Усиливающийся холод стал покалывать щеки. Дойдя до поворота к манящим оконным огням домиков, Кукутис свернул и ощутил облегчение.
Как и положено, крайний домик этого села был кособок и не покрашен, и всем своим видом взывал о помощи.
Кукутис зашел в открытую калитку. Поднялся на деревянный порожек, отчего доски под ногами заскрипели жалобно. Постучал в деревянную дверь, обитую толстым серым войлоком, из какого в России валенки катают.
Минуты три прошло, прежде чем дверь открылась и в проеме появилась женщина лет шестидесяти в теплом синем платке, синей кофте и черной тяжелой юбке аж до пола.
– Dobry wieczór! – поприветствовал ее Кукутис по-польски. – Я из Литвы в Париж иду. Пустите на ночлег?
– Из Литвы? До Парижа? – Женщина всмотрелась в лицо странника, потом опустила взгляд ниже и, когда увидела деревянную ногу Кукутиса, сразу шаг назад сделала. – А как пана звать?
И понял Кукутис, что его впускают на ночь. Иначе зачем имя спрашивать?
– Кукутис, – сказал он.
– А я – Эльжбета.
Следом за хозяйкой прошел он в комнату, едва освещенную слабой лампочкой, свет которой еще больше глушила зеленая ткань абажура. На белых стенах – множество фотографий в одинаковых рамках. Под окошком слева – овальный стол и три венских стула. Справа – застеленная кровать с пирамидкой из трех подушек, возле нее – тумбочка. На ней графин с водой, стакан и коробочка лекарств.

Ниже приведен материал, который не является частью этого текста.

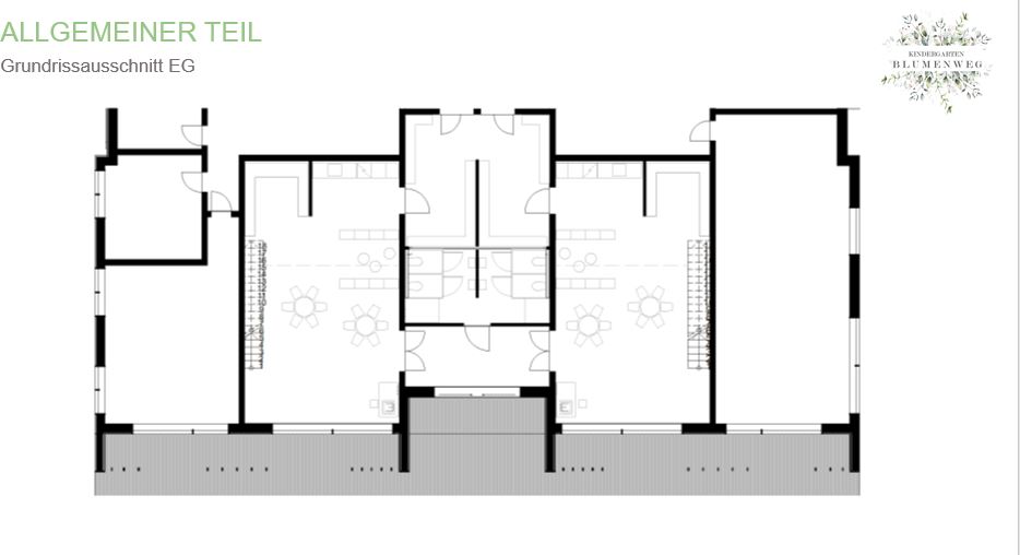 Der Kindergarten bietet auf der Nord-, Ost- und Südseite des Gebäudes Zugänge in den Garten. Der Zugang liegt auf der Westseite des Grundstücks. Die beiden Bewegungsräume und der Speiseraum mit integrierter Küche sind auf der Ostseite situiert, die Gruppenräume jeweils auf der Nord- und Südseite. Weitere Räume für das Personal und der Multifunktionsraum sind auf der Westseite angeordnet.

Усевшись на стул, Кукутис оглянулся и возвратил взгляд на Эльжбету, присевшую рядом.
– Хорошо, что вы память о родных сохраняете! – произнес он задумчиво, кивнув на висящие на стенах фотографии.

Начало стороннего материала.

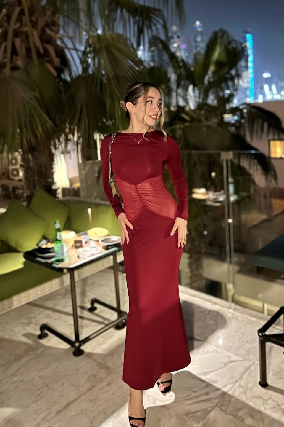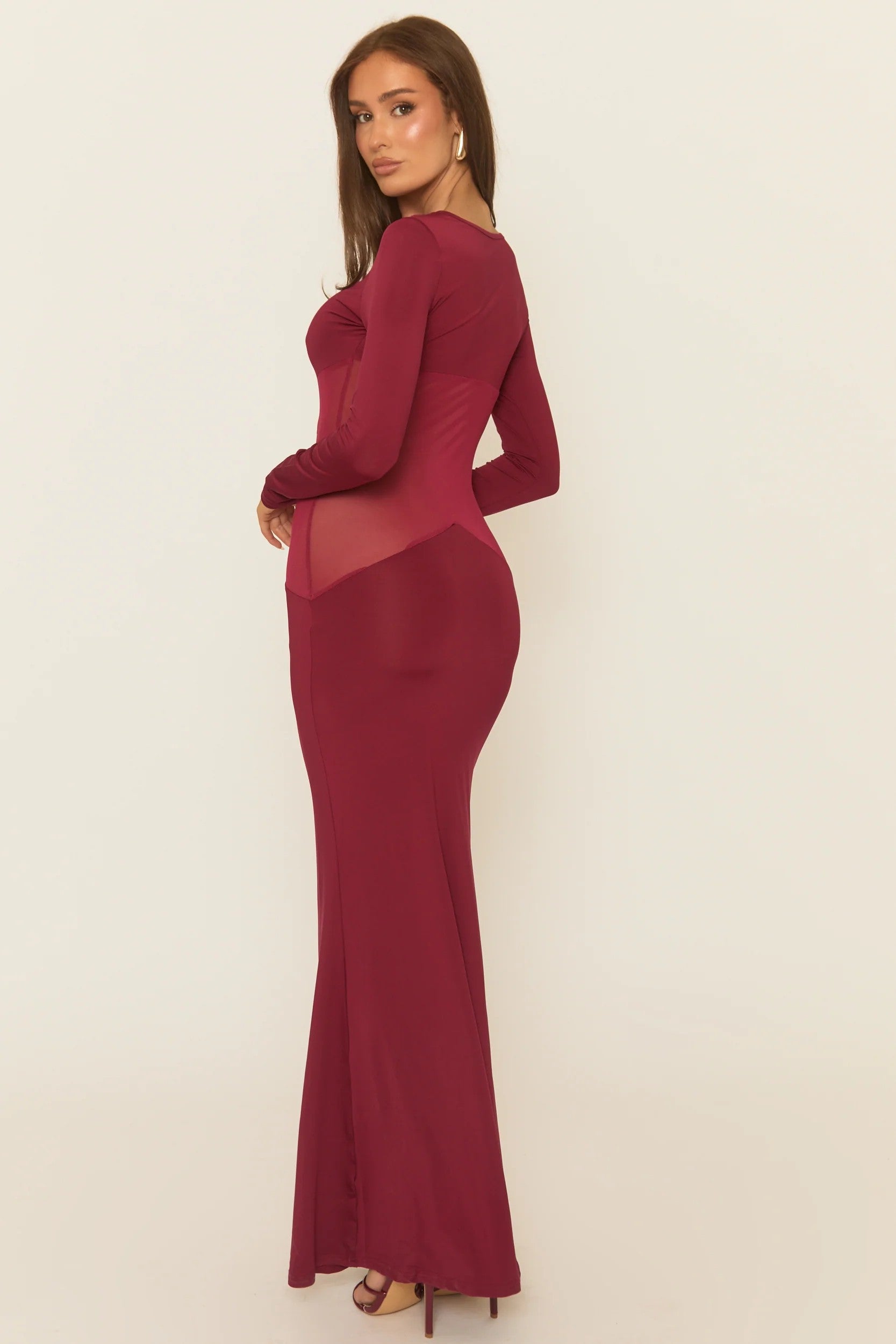 Rule the evening in Rachelle, a sculpting maxi dress designed to command attention with its seamless blend of allure and sophistication. Crafted from luxurious stretch jersey, this piece features a sleek high neckline and long fitted sleeves for an elegant silhouette. The sheer mesh midsection with delicate ruching enhances your natural curves, offering a daring yet refined contrast. Finished with a floor-length hem that elongates the figure, Rachelle is the definition of modern sensuality — bold, sleek, and unforgettable.

Женщина отмахнулась, в ее глазах, несмотря на тусклый свет, гость заметил веселый огонек.
– Это я когда-то из киножурналов повырезала! Тут и актеры, и певцы наши… С ними как-то уютнее. То к одному подойдешь, то к другому. Поговоришь, и на душе легче становится!..
– Все равно, значит, родные! – кивнул Кукутис. – С чужими ведь о том, что волнует, не разговаривают!
Эльжбета всмотрелась в лицо гостя, и в глазах ее появилась озабоченность.
– Что это я вас забалтываю, когда вы с дороги! И устали ведь, наверное!
– Устал, – признался Кукутис.
– А худой какой, – всплеснула ладонями хозяйка, все еще не сводя глаз с лица гостя. – Я сейчас! – поднялась она на ноги. – Я сейчас вам на кухне постелю. Там хорошо, только мышки иногда пищат.